Leave no picture in, and give every entry again exactly.

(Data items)

────

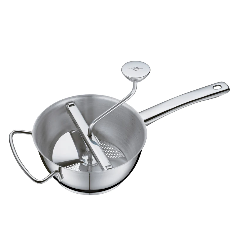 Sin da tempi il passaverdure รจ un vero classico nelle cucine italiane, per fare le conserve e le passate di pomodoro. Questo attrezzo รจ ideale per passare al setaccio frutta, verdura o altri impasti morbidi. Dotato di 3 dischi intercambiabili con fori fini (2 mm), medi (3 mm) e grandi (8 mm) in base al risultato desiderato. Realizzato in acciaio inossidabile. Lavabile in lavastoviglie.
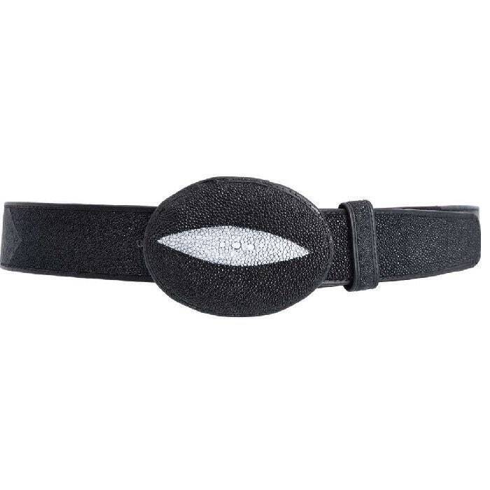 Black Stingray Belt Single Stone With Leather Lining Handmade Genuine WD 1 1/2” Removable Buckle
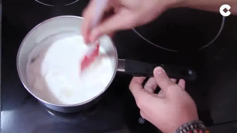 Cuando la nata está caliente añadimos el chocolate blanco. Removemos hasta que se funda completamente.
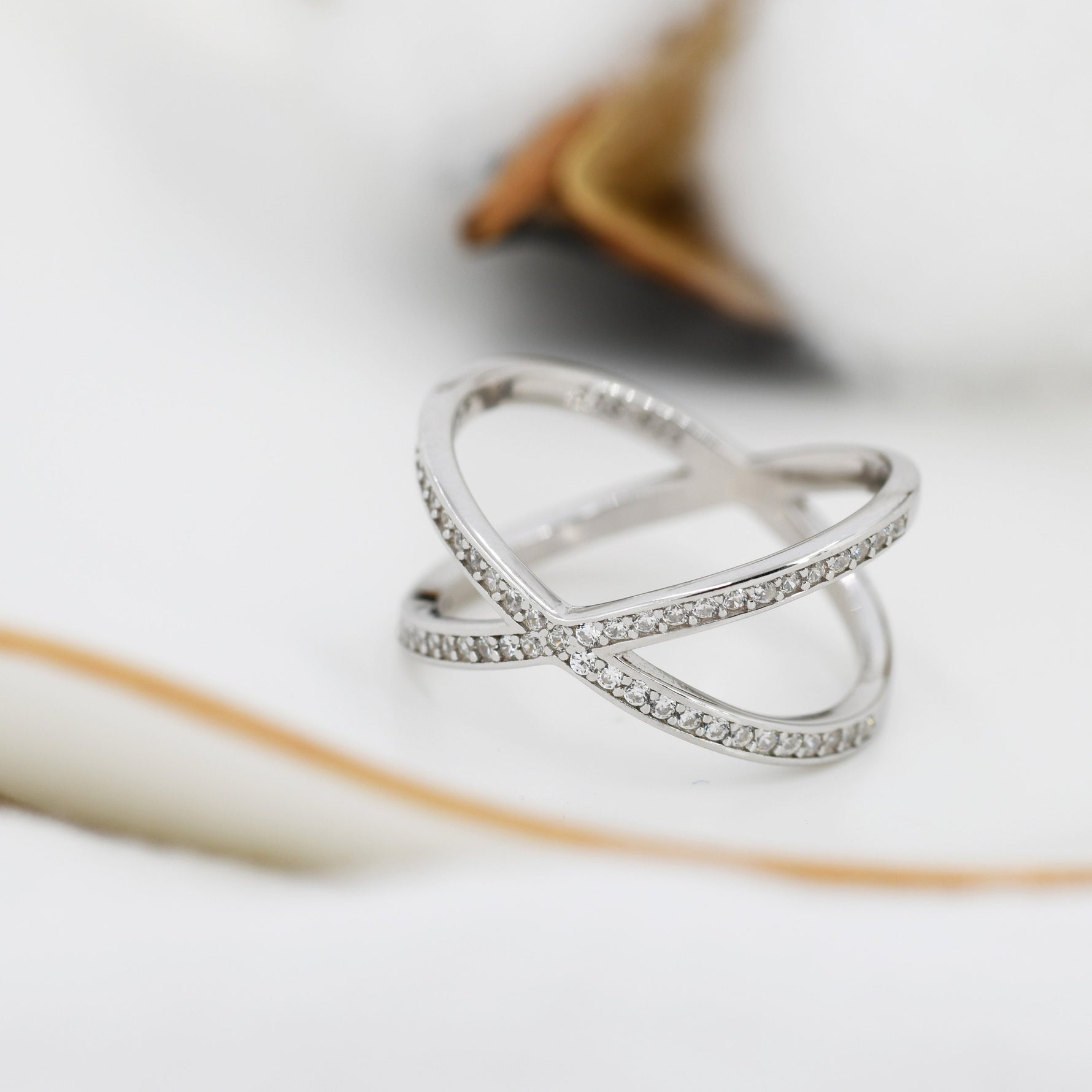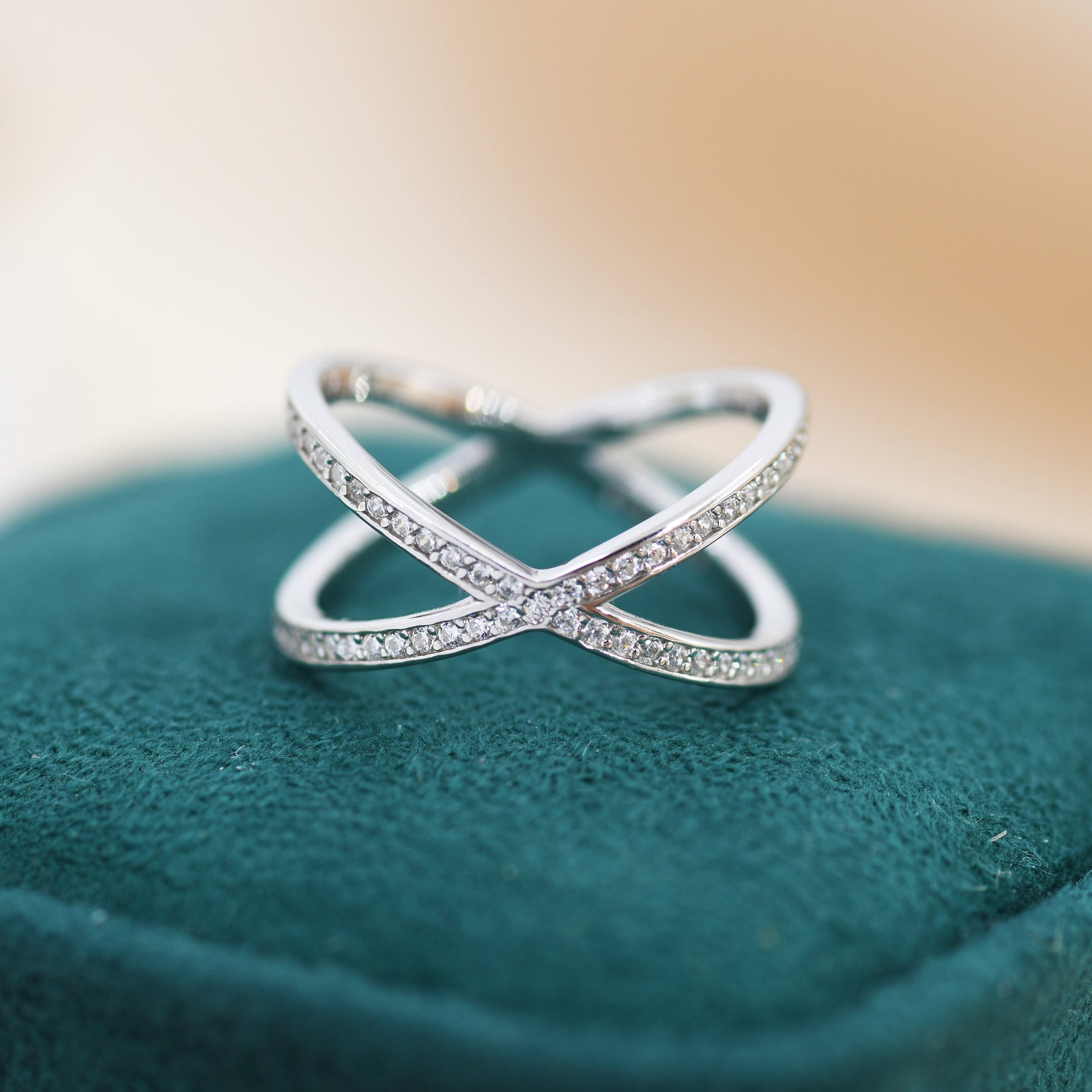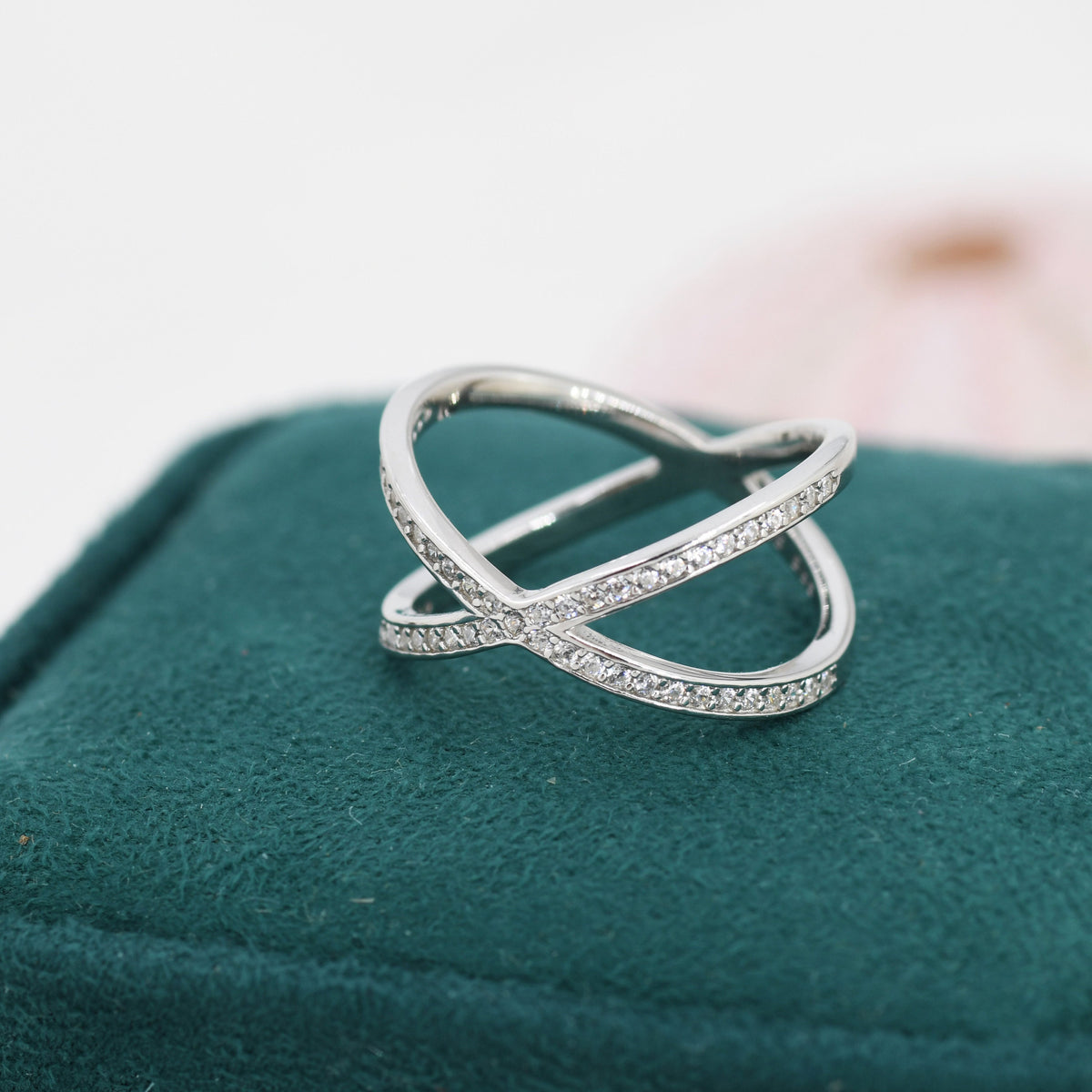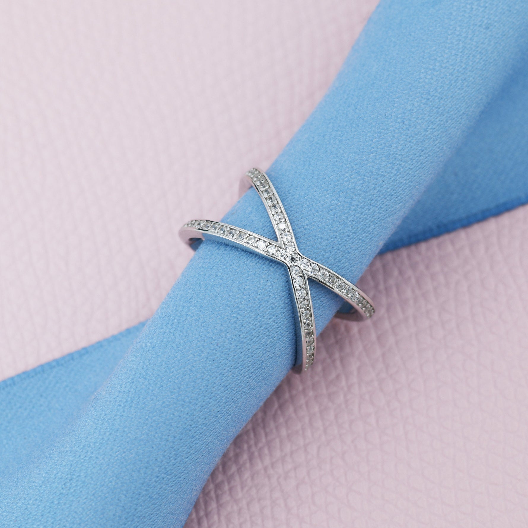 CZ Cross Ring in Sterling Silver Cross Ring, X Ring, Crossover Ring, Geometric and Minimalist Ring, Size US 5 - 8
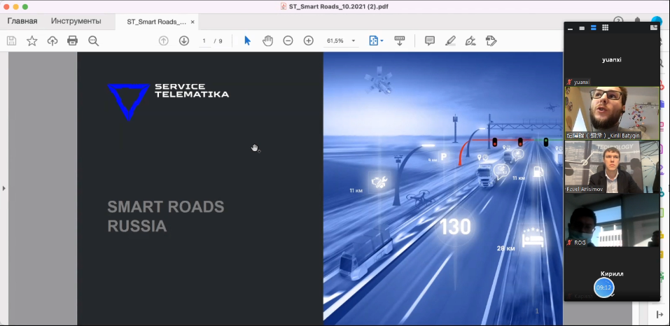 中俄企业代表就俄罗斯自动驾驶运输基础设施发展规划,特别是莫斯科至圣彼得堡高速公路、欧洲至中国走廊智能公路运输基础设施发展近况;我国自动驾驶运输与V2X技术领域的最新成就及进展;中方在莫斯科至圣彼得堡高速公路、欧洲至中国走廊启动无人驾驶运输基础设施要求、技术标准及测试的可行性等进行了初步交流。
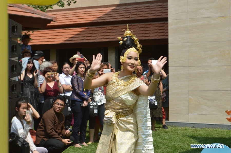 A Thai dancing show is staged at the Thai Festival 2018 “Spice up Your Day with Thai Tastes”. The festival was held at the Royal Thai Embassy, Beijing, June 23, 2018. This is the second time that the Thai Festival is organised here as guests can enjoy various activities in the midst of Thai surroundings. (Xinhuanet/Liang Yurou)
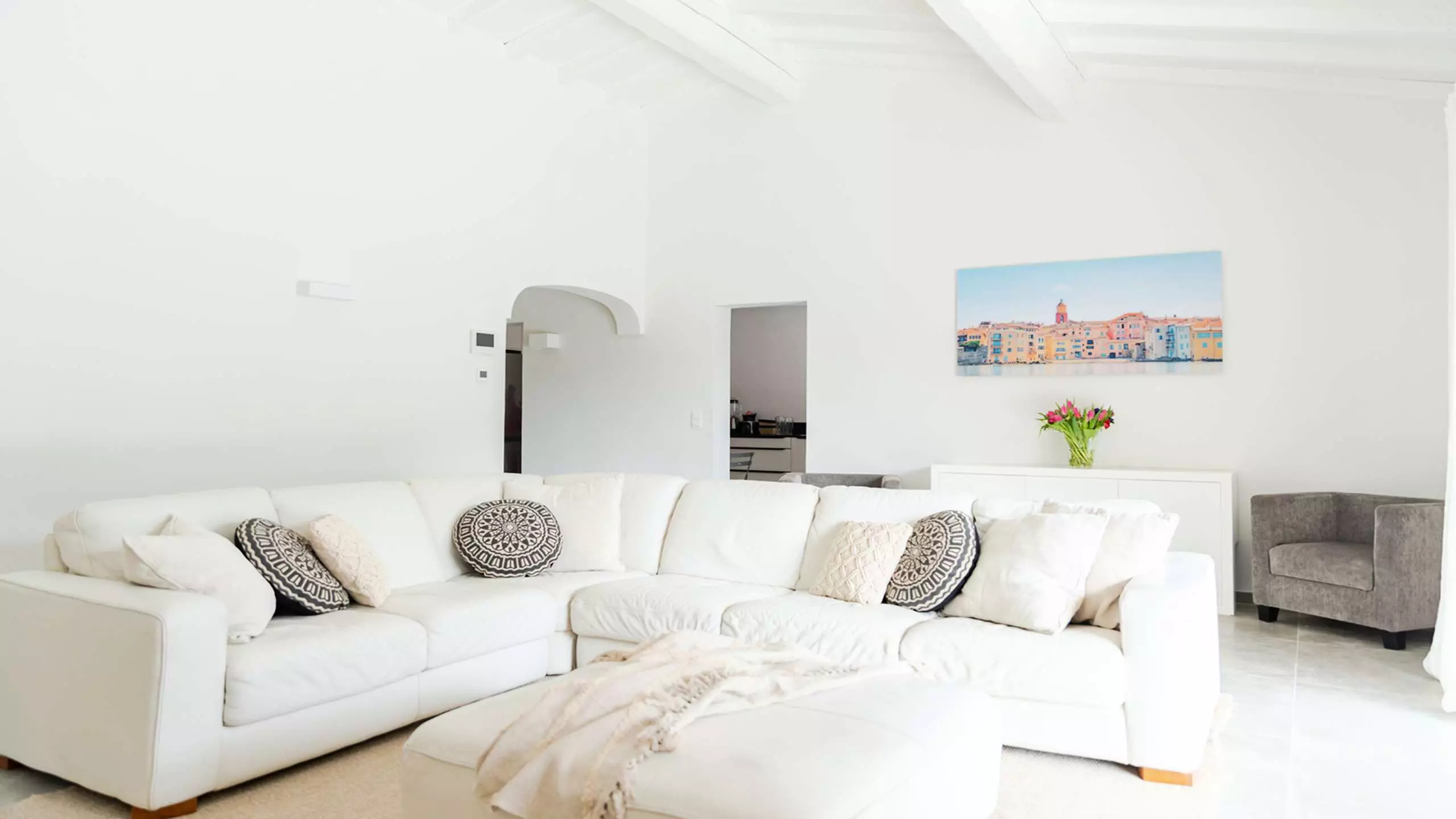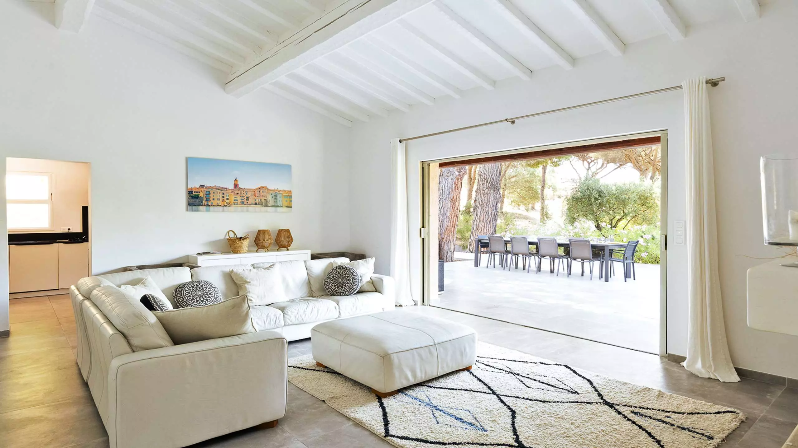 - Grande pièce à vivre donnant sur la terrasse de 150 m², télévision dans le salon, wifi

────

▶ _Exercise response_:
 Sin da tempi il passaverdure รจ un vero classico nelle cucine italiane, per fare le conserve e le passate di pomodoro. Questo attrezzo รจ ideale per passare al setaccio frutta, verdura o altri impasti morbidi. Dotato di 3 dischi intercambiabili con fori fini (2 mm), medi (3 mm) e grandi (8 mm) in base al risultato desiderato. Realizzato in acciaio inossidabile. Lavabile in lavastoviglie.
 Black Stingray Belt Single Stone With Leather Lining Handmade Genuine WD 1 1/2” Removable Buckle
 Cuando la nata está caliente añadimos el chocolate blanco. Removemos hasta que se funda completamente.
 CZ Cross Ring in Sterling Silver Cross Ring, X Ring, Crossover Ring, Geometric and Minimalist Ring, Size US 5 - 8
 中俄企业代表就俄罗斯自动驾驶运输基础设施发展规划,特别是莫斯科至圣彼得堡高速公路、欧洲至中国走廊智能公路运输基础设施发展近况;我国自动驾驶运输与V2X技术领域的最新成就及进展;中方在莫斯科至圣彼得堡高速公路、欧洲至中国走廊启动无人驾驶运输基础设施要求、技术标准及测试的可行性等进行了初步交流。
 A Thai dancing show is staged at the Thai Festival 2018 “Spice up Your Day with Thai Tastes”. The festival was held at the Royal Thai Embassy, Beijing, June 23, 2018. This is the second time that the Thai Festival is organised here as guests can enjoy various activities in the midst of Thai surroundings. (Xinhuanet/Liang Yurou)
 - Grande pièce à vivre donnant sur la terrasse de 150 m², télévision dans le salon, wifi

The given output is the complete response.